Data set documentation

Version 2024

This documentation specifies the format of datasets for the MonolixSuite starting in 2018. It details:

  • General structure: structure of a dataset for population modeling
  • Format rules: rules to format your experimental data, using the available column types
  • Examples: examples of real datasets with typical features (continuous data, discrete data, time-to-event data, censored data, data with several types of measurements, …)
  • Nonmem differences: key differences with the Nonmem format

©Lixoft

Dataset for population modeling

The considered datasets are dedicated to population modeling. The population approach describes phenomena observed in each of a set of individuals and the variability between individuals.
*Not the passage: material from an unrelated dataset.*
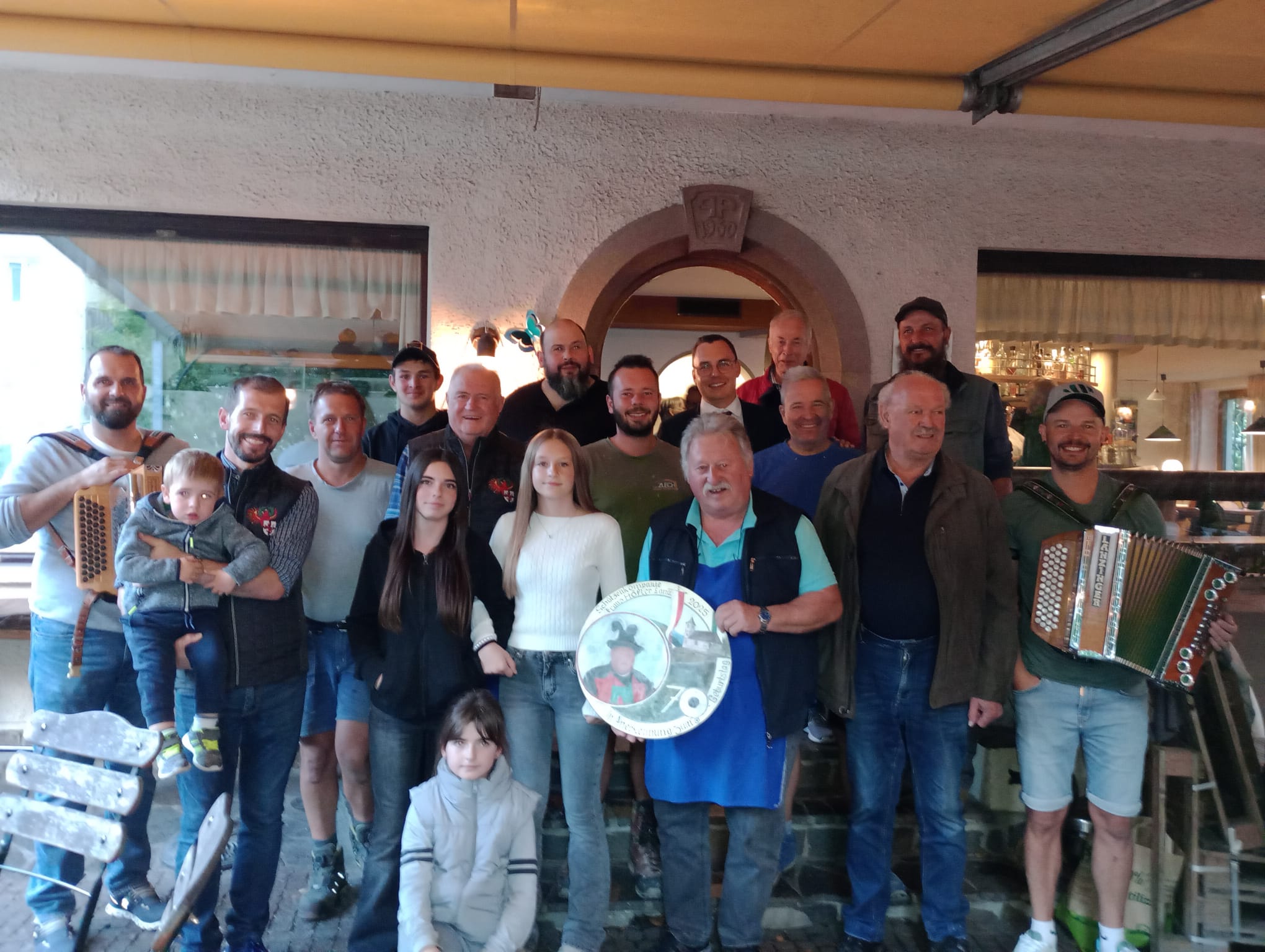 In gemütlicher Runde wurde auf das Jubiläum angestoßen und auf viele gemeinsame Erlebnisse und Stunden innerhalb der Kompanie zurückgeblickt. Die Schützen dankten Karl für seine langjährige Treue und Verbundenheit zur Kompanie, überreichten Ihm eine handbemalte Schießscheibe mit seinem Abbild und wünschten ihm weiterhin Gesundheit, Glück und Gottes Segen.
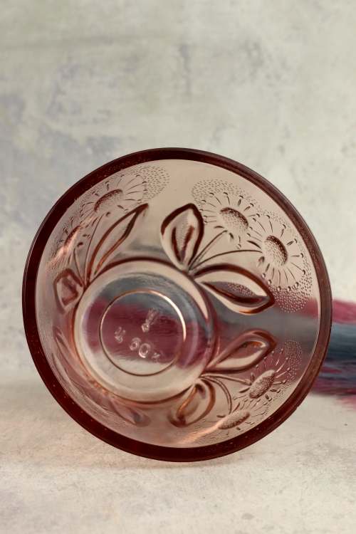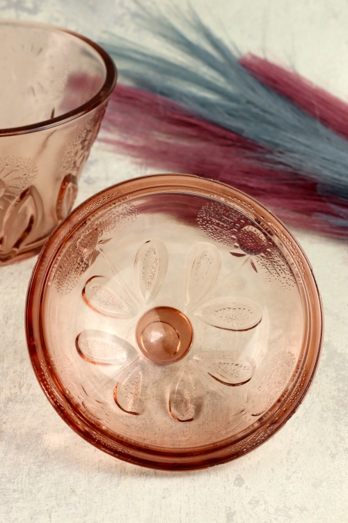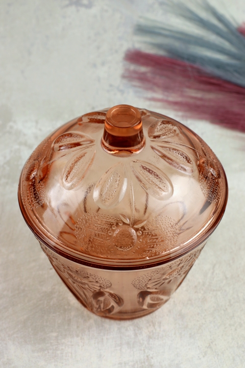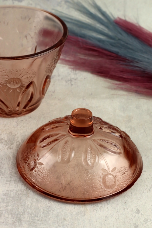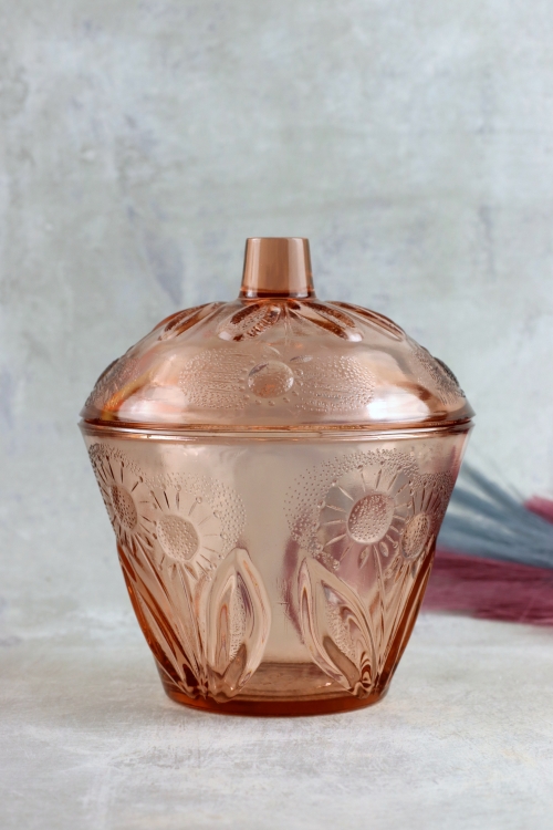 Rozalinowa cukiernica z kwiatowym motywem wykonana ze szkła prasowanego, wyprodukowana na terenie ZSRR.

The data is thus individual data, and is often longitudinal (over time).  For each subject, the dataset contains measurements, dose regimen, covariates etc … i.e. all collected information.

General format

The data must be in long format, i.e each row is one time point per subject. For each row, the individuals ID, observations, dose amount, covariates, etc are recorded in different columns. The column names in the dataset header can be  set to anything, but the columns must be tagged using the available column types when defining the data in the applications of the MonolixSuite, such that the application knows how to interpret the data. The column types are very similar and compatible with the structure used by the Nonmem software.

File types: The file should be in text format with a file of .txt or .csv or .tsv. and the data must be separated by tab “\t”, comma “,”,  semicolon “;” or a space ” “. A header line is required specifying the column names. Additionally, starting with version 2024, Excel files with extensions .xls or .xlsx and SAS files with extensions .sas2bdat, and .xpt are supported.